• Source data
○ ○ ○ ○ ○

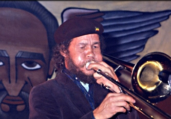 Rico Rodriguez (1934-2015), Jamaican musician.
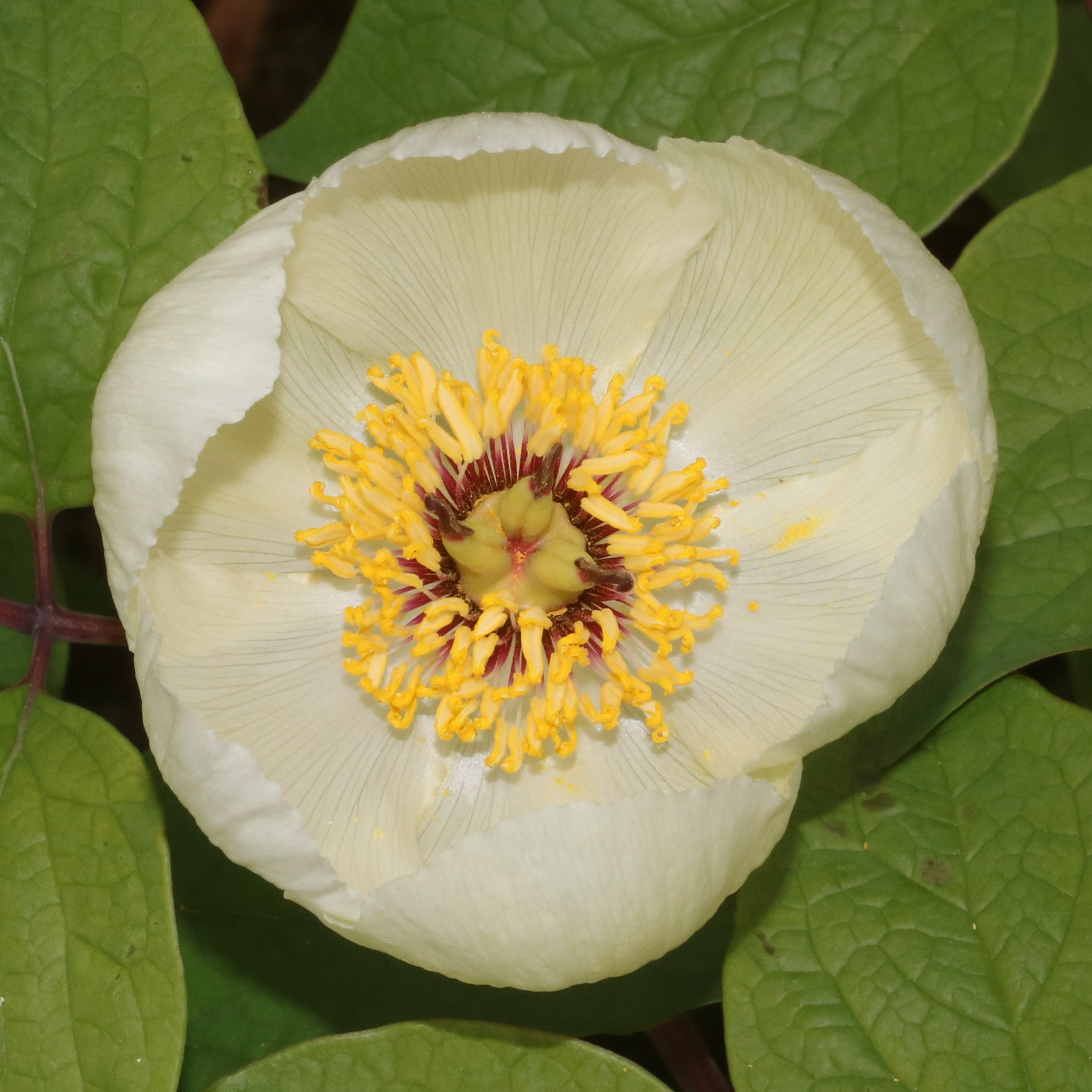 Paeonia japonica in Mount Ryozen of Suzuka Mountains, Taga, Shiga prefecture, Japan.
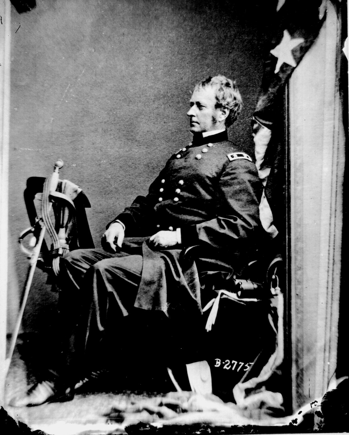 Joseph Hooker, photographed by Mathew Brady

○ ○ ○ ○ ○

• What to produce
Give back the material exactly as written, images excluded.

• Written answer
 Rico Rodriguez (1934-2015), Jamaican musician.
 Paeonia japonica in Mount Ryozen of Suzuka Mountains, Taga, Shiga prefecture, Japan.
 Joseph Hooker, photographed by Mathew Brady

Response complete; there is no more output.